Action item: Below is a listing; print exactly its lines from the one containing "Olivia Wilde loves" down to the one containing "White Sonogram Frame", both inclusive, with every picture left out.

Records:
———

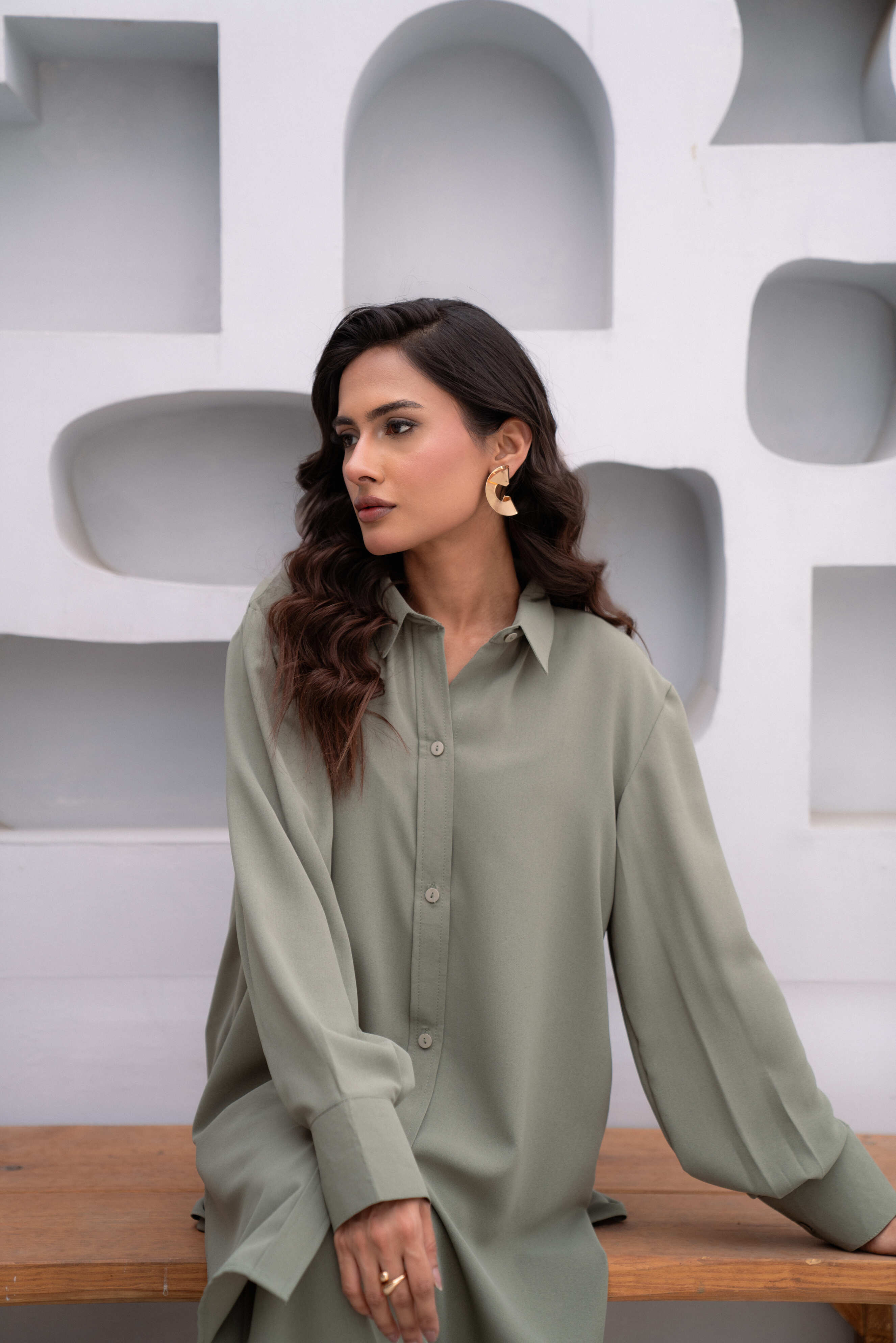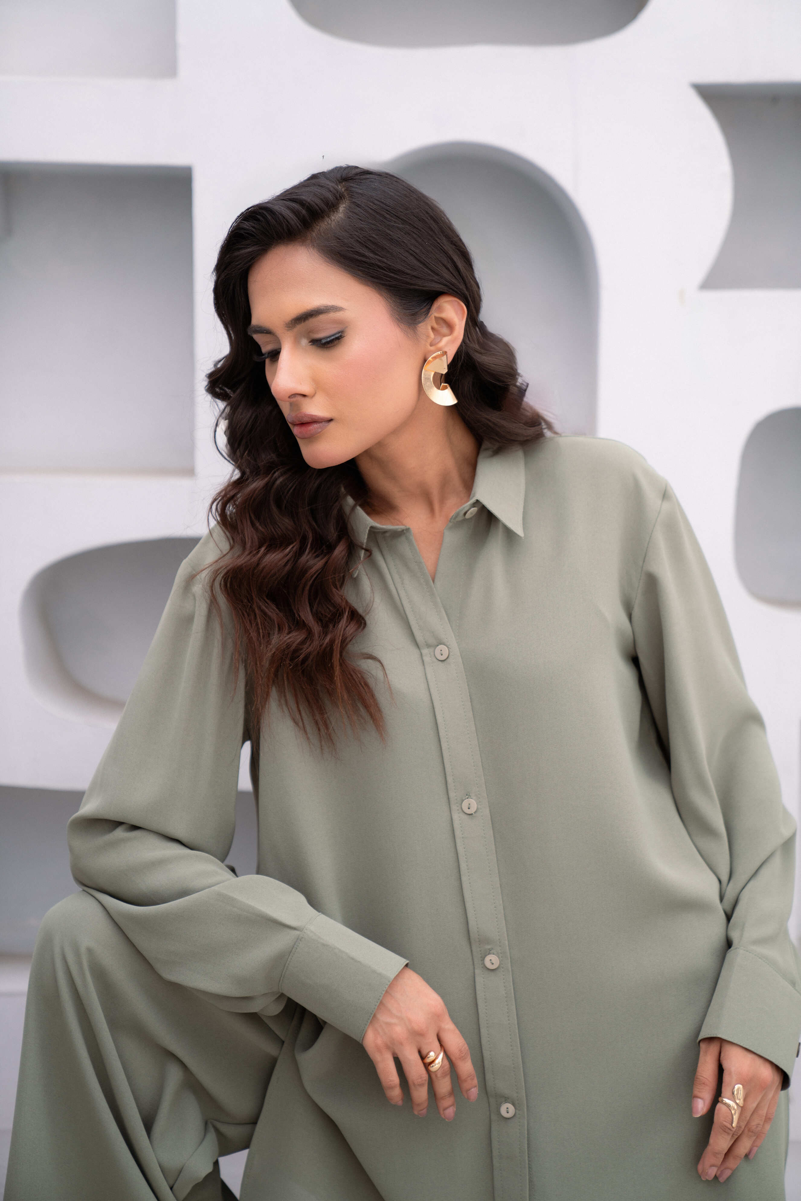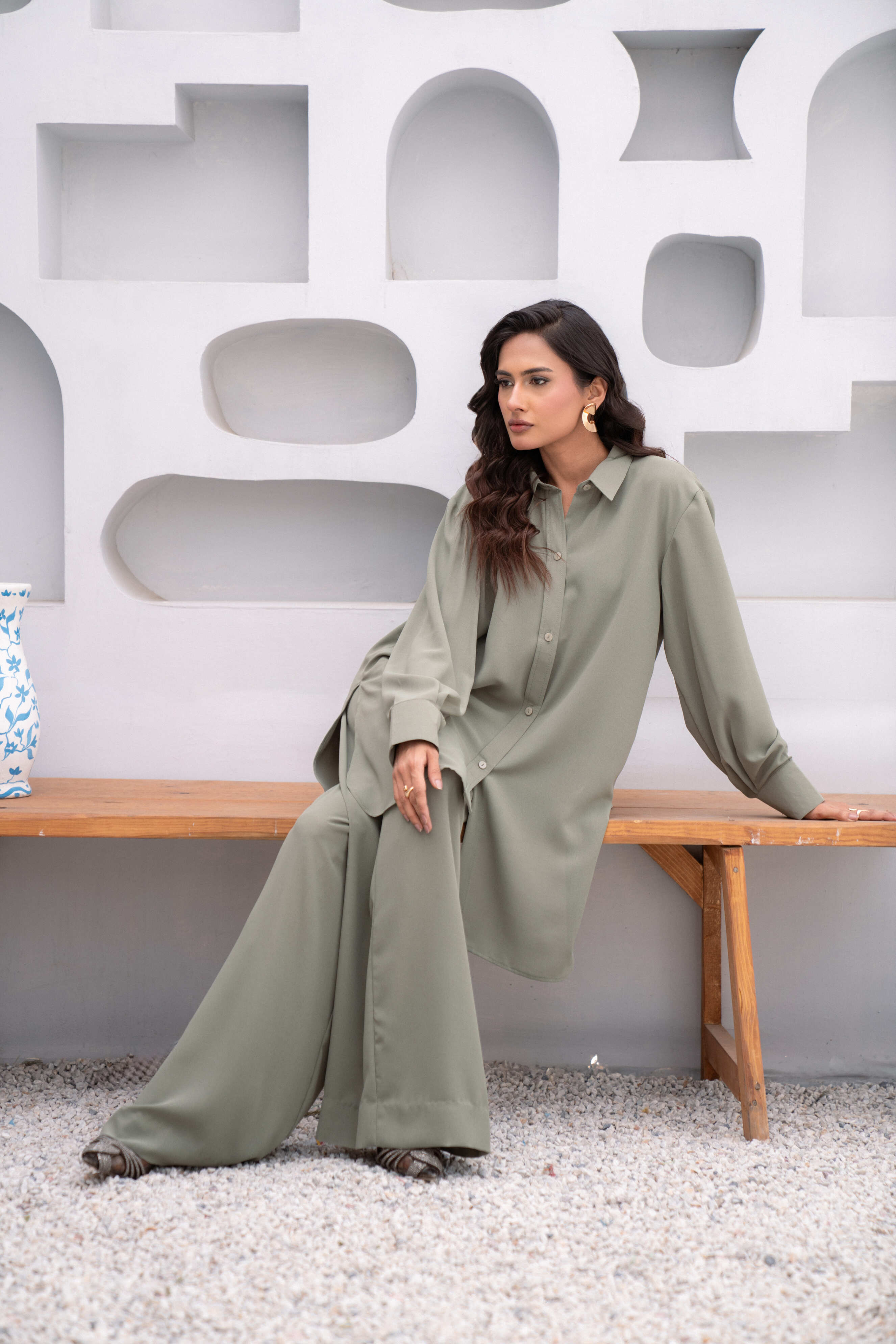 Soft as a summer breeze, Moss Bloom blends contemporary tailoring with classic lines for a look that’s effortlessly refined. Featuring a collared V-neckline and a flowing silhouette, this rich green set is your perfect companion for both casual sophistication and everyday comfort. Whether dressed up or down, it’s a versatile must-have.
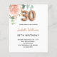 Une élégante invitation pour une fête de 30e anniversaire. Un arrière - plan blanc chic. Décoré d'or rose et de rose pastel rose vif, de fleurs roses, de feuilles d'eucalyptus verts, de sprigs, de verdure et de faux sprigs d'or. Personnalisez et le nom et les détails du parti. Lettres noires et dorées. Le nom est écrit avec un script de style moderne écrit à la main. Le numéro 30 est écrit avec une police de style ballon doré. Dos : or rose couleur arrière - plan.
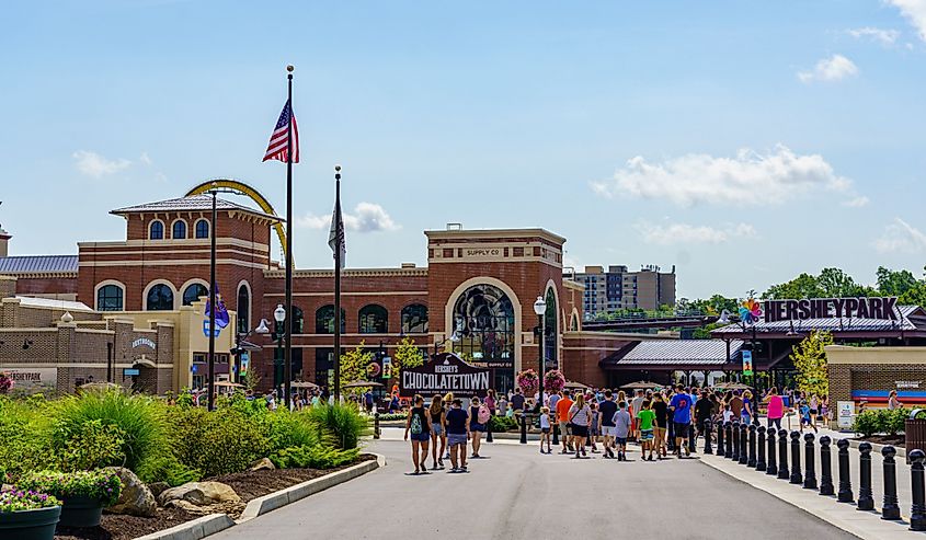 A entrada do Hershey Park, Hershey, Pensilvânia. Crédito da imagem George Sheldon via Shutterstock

———

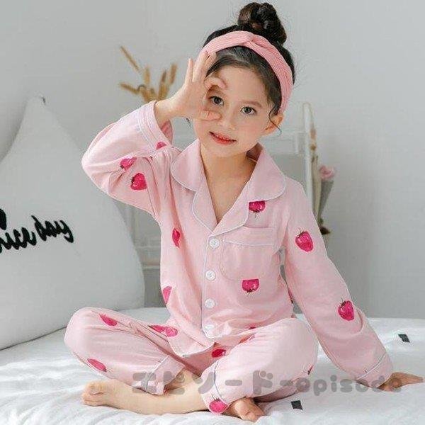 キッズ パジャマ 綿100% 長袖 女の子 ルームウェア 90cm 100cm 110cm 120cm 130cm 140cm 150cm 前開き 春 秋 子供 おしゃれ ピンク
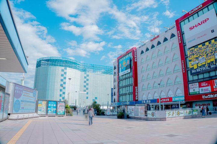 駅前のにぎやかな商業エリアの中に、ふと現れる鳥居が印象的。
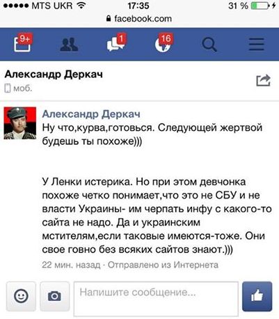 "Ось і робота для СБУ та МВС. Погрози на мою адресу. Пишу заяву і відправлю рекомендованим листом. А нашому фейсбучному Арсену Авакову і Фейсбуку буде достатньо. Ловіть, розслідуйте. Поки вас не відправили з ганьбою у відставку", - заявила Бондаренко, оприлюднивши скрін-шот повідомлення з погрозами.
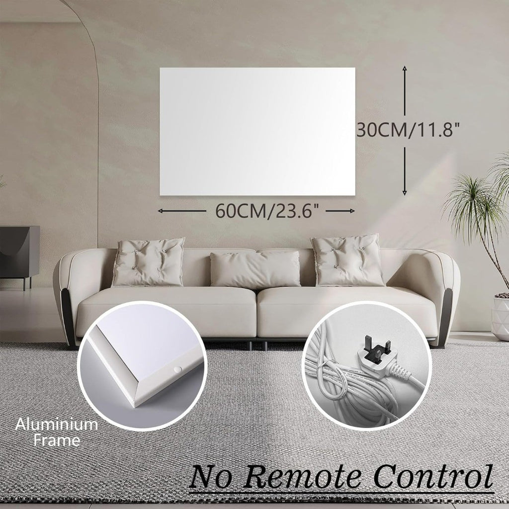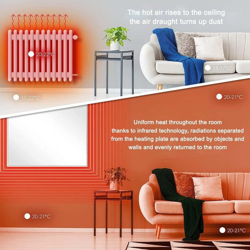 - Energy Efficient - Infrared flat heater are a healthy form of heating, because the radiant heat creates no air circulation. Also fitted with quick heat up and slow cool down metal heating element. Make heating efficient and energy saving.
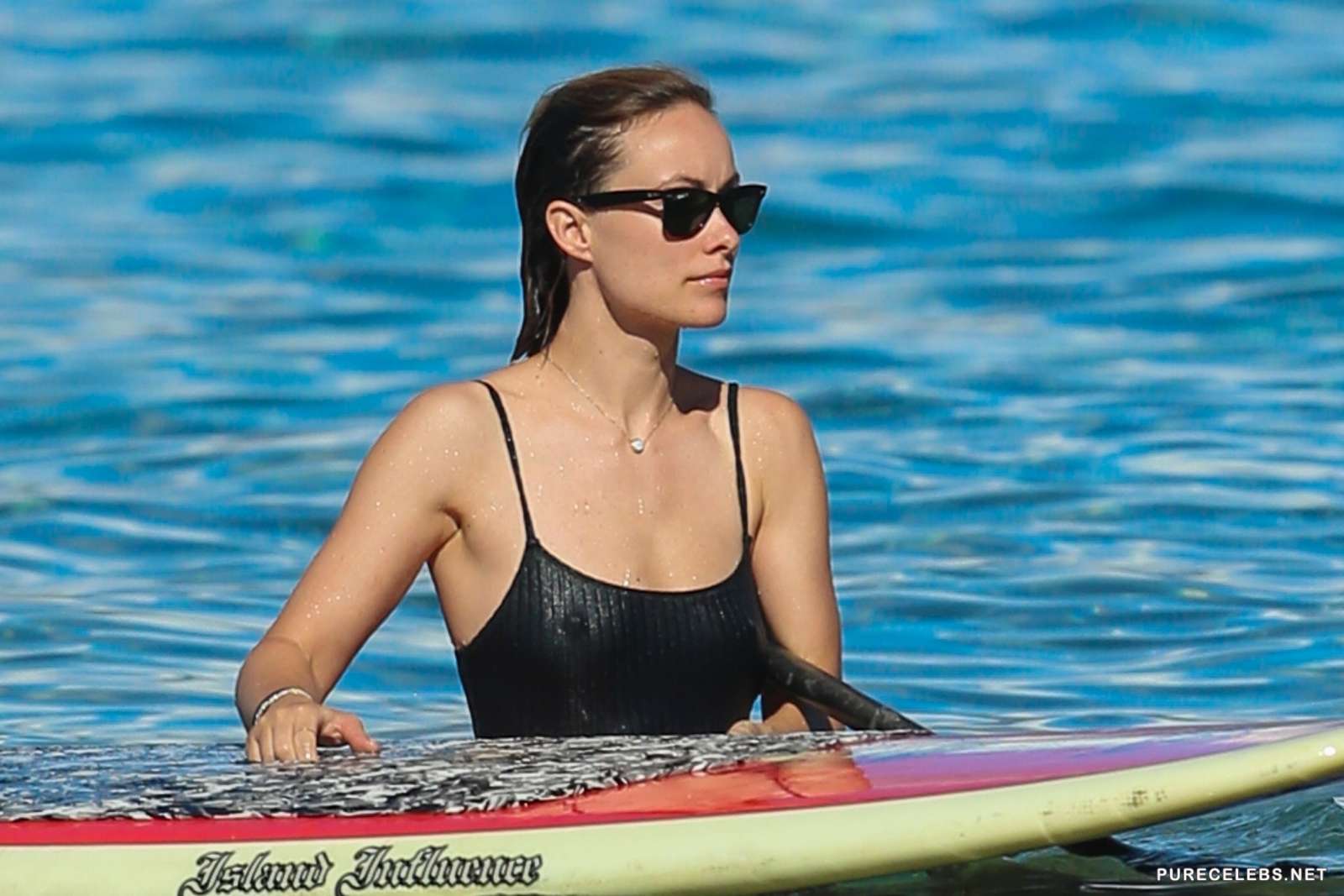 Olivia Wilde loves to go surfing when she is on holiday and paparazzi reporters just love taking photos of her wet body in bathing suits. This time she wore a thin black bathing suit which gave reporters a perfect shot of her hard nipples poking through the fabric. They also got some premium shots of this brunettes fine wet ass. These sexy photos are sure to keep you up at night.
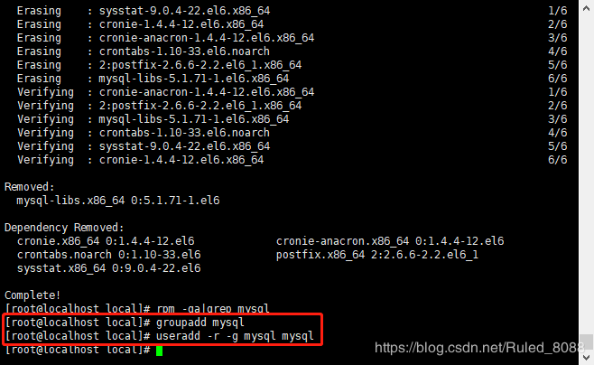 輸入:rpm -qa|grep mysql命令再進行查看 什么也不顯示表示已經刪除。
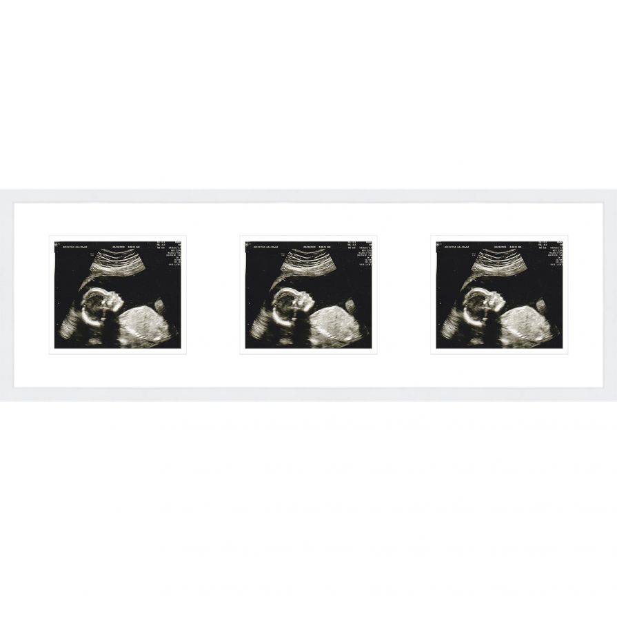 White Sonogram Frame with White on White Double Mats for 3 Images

———

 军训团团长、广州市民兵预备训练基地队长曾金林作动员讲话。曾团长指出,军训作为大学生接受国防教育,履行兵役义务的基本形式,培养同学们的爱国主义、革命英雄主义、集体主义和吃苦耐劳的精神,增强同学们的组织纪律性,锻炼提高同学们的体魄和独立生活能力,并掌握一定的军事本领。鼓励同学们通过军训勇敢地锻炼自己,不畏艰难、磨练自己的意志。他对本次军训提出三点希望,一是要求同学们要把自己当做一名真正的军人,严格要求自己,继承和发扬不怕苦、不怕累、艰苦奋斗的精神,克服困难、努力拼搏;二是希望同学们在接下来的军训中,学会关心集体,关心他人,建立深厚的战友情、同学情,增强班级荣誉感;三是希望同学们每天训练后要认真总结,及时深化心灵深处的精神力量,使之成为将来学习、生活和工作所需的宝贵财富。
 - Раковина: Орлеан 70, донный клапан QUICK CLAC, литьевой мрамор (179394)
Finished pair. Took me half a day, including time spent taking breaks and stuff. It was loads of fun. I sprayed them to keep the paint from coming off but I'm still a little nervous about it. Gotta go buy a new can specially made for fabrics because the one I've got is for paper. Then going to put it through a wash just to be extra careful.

———

Task answer:
 Olivia Wilde loves to go surfing when she is on holiday and paparazzi reporters just love taking photos of her wet body in bathing suits. This time she wore a thin black bathing suit which gave reporters a perfect shot of her hard nipples poking through the fabric. They also got some premium shots of this brunettes fine wet ass. These sexy photos are sure to keep you up at night.
 輸入:rpm -qa|grep mysql命令再進行查看 什么也不顯示表示已經刪除。
 White Sonogram Frame with White on White Double Mats for 3 Images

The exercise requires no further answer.